A few companies have been able to avoid providing 100% cash security and instead have opted for a facility which is partly secured and subject to a number of bank covenants.  Setting those covenants is fraught with difficulty.  Construction company balance sheets are quite different to most other trading organisations and conventional ratios are either inappropriate or result in creating and maintaining a balance sheet which is inappropriate for the needs of the business.  One of the issues is that the size of the numbers in a construction company’s balance sheet fluctuate quite dramatically and while a bank covenant based on equity as a percentage of total assets maybe fine when the facility is put in place, there will be times during a large contract where the total asset may increase quite substantially and result in a breach of covenant despite the balance sheet still being strong.

Banks prefer to obtain personal guarantees from shareholders but this becomes problematic in companies where a number of the senior management team have a shareholding and some of the minor shareholders may be unwilling to provide a personal guarantee when they risk everything yet only have a small shareholding.

Bonding also becomes difficult to finance during a shareholding succession plan where the incoming shareholders are unlikely to have sufficient resources to both pay for the shares and provide all of the security required for a bonding facility which can necessitate the departing shareholders having to leave funds in the company for an extended period.  This difficulty and its solutions have a significant impact upon the price at which shares are transferred in a shareholding succession plan.
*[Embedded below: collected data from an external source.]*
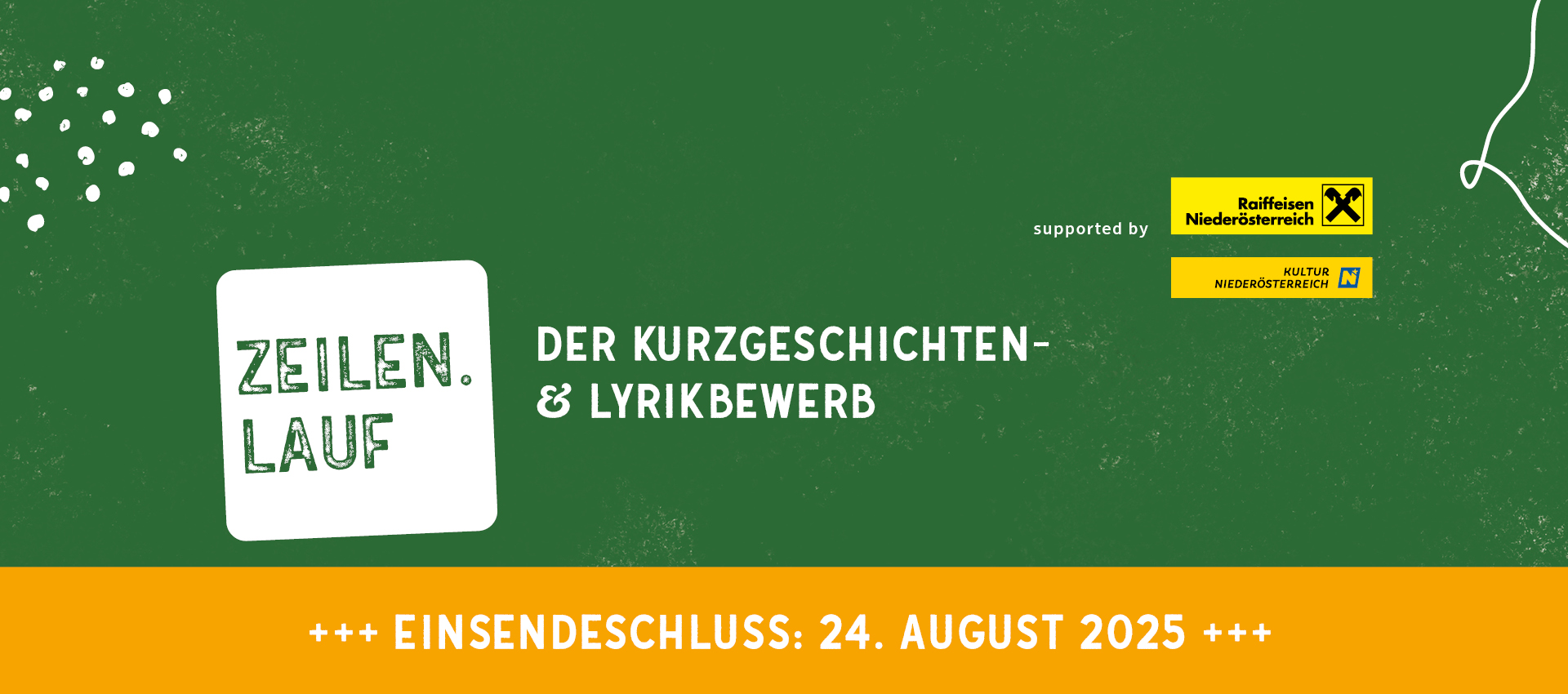 Beim Kurzgeschichtenbewerb zeilen.lauf können die AutorInnen eine selbstverfasste, noch nicht publizierte Geschichte einreichen und haben die Möglichkeit, attraktive Sach- und Geldpreise zu gewinnen. Die einzigen Vorgaben sind, dass das Werk in deutscher Sprache geschrieben ist und den Umfang von 4500 Zeichen (Leerzeichen, Tabstopps und Absätze werden nicht berücksichtigt) nicht überschreitet. Pro Person darf nur eine Geschichte eingereicht werden. Das Thema ist frei wählbar.
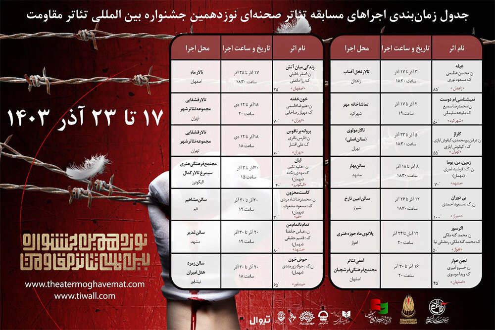 به گزارش خبرگزاری مهر به نقل از روابط عمومی نوزدهمین جشنواره بین المللی تئاتر مقاومت، برنامه هفته دوم اجراهای «مسابقه تئاتر صحنهای» و «بخش مهمان» نوزدهمین جشنواره بین المللی تئاتر مقاومت که قرار است در قالب اجراهای عمومی به میزبانی شهرهای زاهدان، شهرکرد، تهران، مشهد، شیراز، اهواز، اصفهان، الیگودرز، قم و نیشابور روی صحنه بروند، اعلام شد.
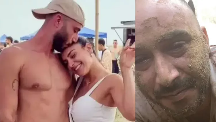 沙莱夫(左图)与女友参加音乐节,遭到哈玛斯突袭后,他背部中了二枪,装死求生(右图)。IG/Roei Shalev

Some level of performance bonds is appropriate but for the larger projects the percentage by value can be often reduced.  They are not the only security used on projects and the real purpose of the bond should be explored.  Retentions and contractual terms also mitigate some construction risks.

In many cases the solution for both property owners and bankers is greater focus on the skills, reputation and character of the construction company owners and senior team.  More assessment and due diligence of these factors may allow negotiation of a lower level of performance bonds that meets both the commercial and risk management objectives of all parties.